Differential fold reduction and stimulation by addition of CCL2 versus anti-CCL2 antibodies: We agree that in Figure 1, addition of extra CCL2 has a smaller effect compared to CCL2-depletion. Depletion of CCL2 inhibited virus production ~10-fold in macrophages whereas addition of CCL2 increased it by approximately 50% of untreated control. This asymmetry also applies to the HeLa cell experiments (now Figure 3B) where we observe about 5-fold inhibition of virus production with anti-CCL2, but ~50% increase with CCL2 addition. On the other hand, in T cell lines – as seen in the new Figure 2B or 3E, CCL2 depletion results in a 2-fold inhibition, while the addition of CCL2 still causes only an ~50% increase. It is possible that there is an upper limit on how much CCL2 can increase virus production as is observed in our experiments. This could be due to the limitations in the components involved. For example, the level of ALIX could be constant and limiting. Thus, the added CCL2 will be able to mobilize the population of ALIX molecules present in the cytoskeleton causing a proportional increase in virus release. On the other hand, when CCL2 is depleted, most of the soluble ALIX is directed to cytoskeleton, preventing the availability of ALIX to a greater extent, thus leading to a greater level of inhibition. In addition, there may be a variability in: (i) the levels of endogenous CCL2 and (ii) total levels of ALIX present in different cell types. While the addition of anti-CCL2 is able to redirect most of the soluble ALIX to the cytoskeletal compartment and reduce virus production levels, addition of CCL2 to a cell that already has significant endogenous levels of CCL2 can only redirect cytoskeletally associated ALIX molecules to the cytoplasm. We believe that our results are consistent with our model and we have added this to the Discussion section.

Rescue by replacing anti-CCL2 with CCL2: As suggested by the reviewers, we have performed an experiment where anti-CCL2 was added to the medium until 9 days post-infection and was replaced with CCL2 for subsequent days to evaluate rescue of virus production in macrophages. Our data indicates that virus release suppression observed during 9 days of replication in MDMs in the presence of anti-CCL2, was rescued continuously up to 24 days by addition of CCL2. This result confirms that the effect of the antibody is due to neutralization of endogenous CCL2 rather than off-target effects of the antibody, and that the effect is reversible.
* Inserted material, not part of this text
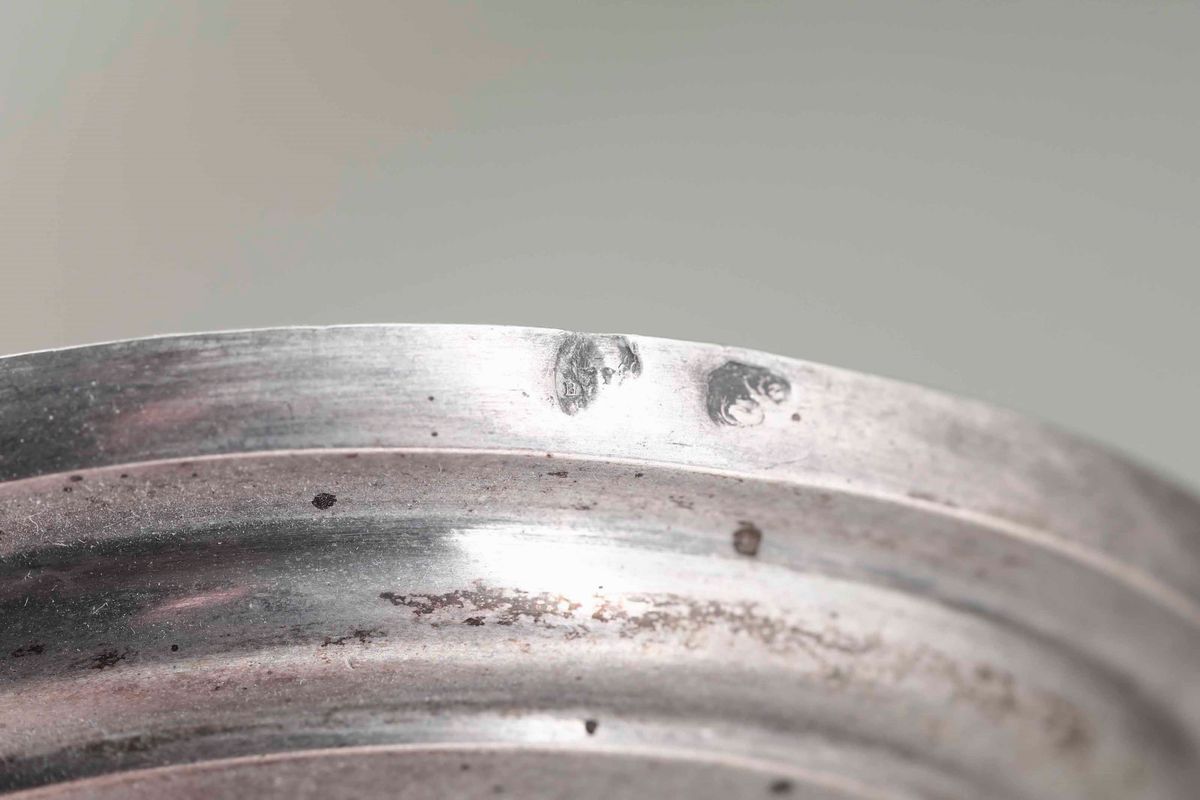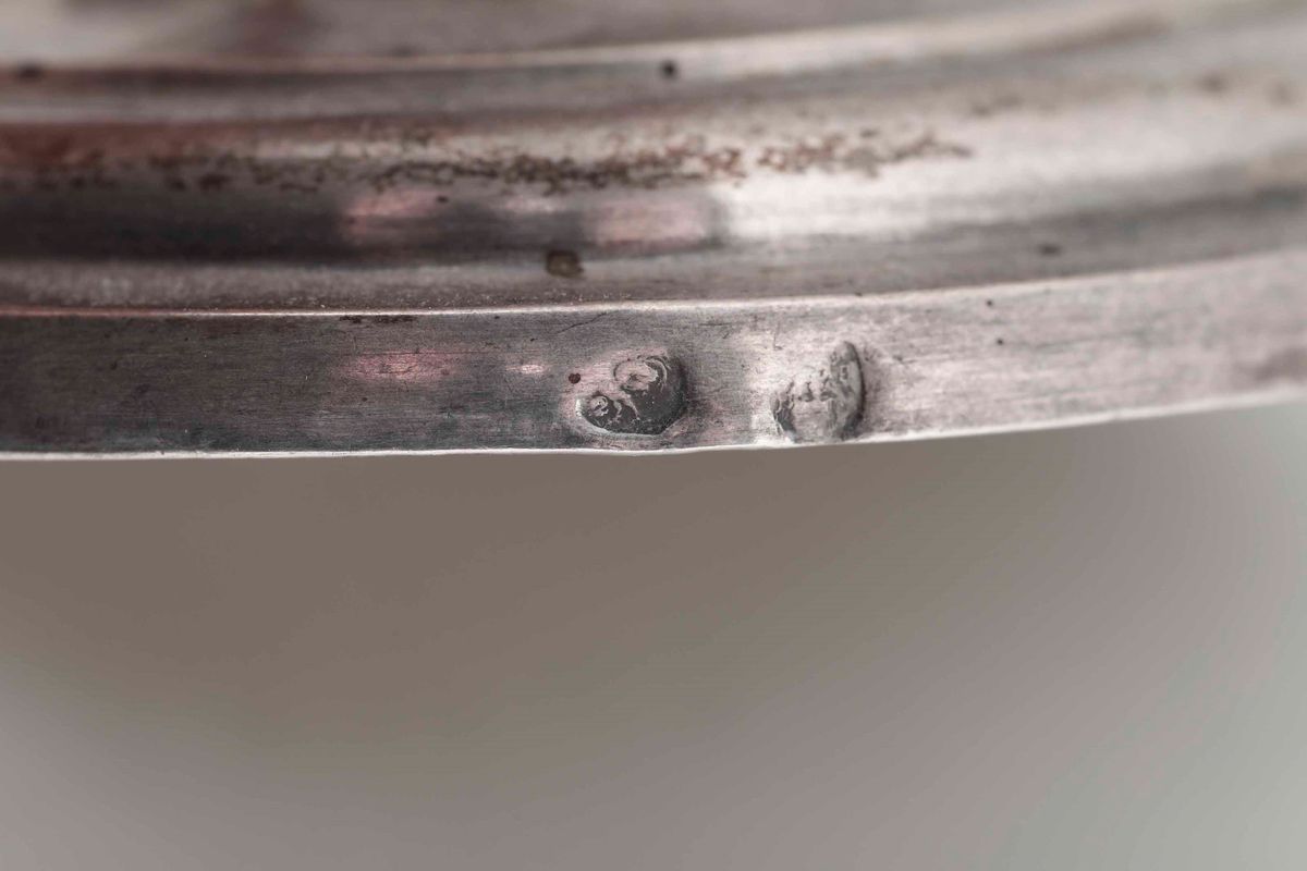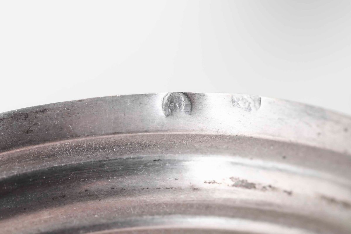 Coppia di candelieri. Argento fuso e sbalzato. Italia inizi XIX secolo. Genova (?) marchi di occupazione francese in uso dal 1803 al 1809

Isotype control antibodies: An isotype antibody control was included in Figure 1 in the original manuscript. In the revised manuscript, we have included isotype controls in all experiments where needed (Figures 1 to 3, Figure 4B, Figures 5 to 8, Figure 1—figure supplement 2, Figure 4—figure supplement 1 and Figure 12—figure supplement 1).

Chemokine specificity: Our rationale for investigating the role of CCL2 in HIV-1 replication is supported by the literature. Multiple studies have reported the association of CCL2 with viremia in HIV+ individuals. Importantly, Ansari et al. queried over 100 cellular proinflammatory genes and found CCL2 to be the most significantly correlated with plasma viremia (Ansari et al., 2006). Based on the reviewers’ comment, we considered testing multiple chemokines in our assays. But there is a dizzying array of chemokines known. Even limiting to β-chemokines would require testing over two dozen β-chemokines in three different cell types (MDMs, CD4 T cells and HeLa cells). Therefore, while this is a laudable future goal, testing each of the several β-chemokines is beyond the scope of the current manuscript.

3) The author's model indicates that addition of CCL2 should disassociate ALIX from actin but this effect is not observed in Figure 4, thus contradicting some of the main conclusions in the manuscript. These observations are further contradicted by the data in Figure 3B, where addition of anti-CCL2 antibodies does not alter the fraction of soluble ALIX. Moreover, the authors should examine whether the insoluble pellets in Figure 3B actually represent F-actin. For example, does actin in the pellet disappear upon latrunculin treatment? If so, does pelletable ALIX also diminish upon latrunculin treatment under all three conditions (UT, CCL2, and anti-CCL2)? Finally, the observed changes in ALIX localization upon CCL2 depletion are intriguing but require greater mechanistic explanation as meaningful associations between ALIX and the actin cytoskeleton remain to be defined more rigorously, and the mechanism underlying CCL2-dependent release of ALIX from actin also requires greater definition.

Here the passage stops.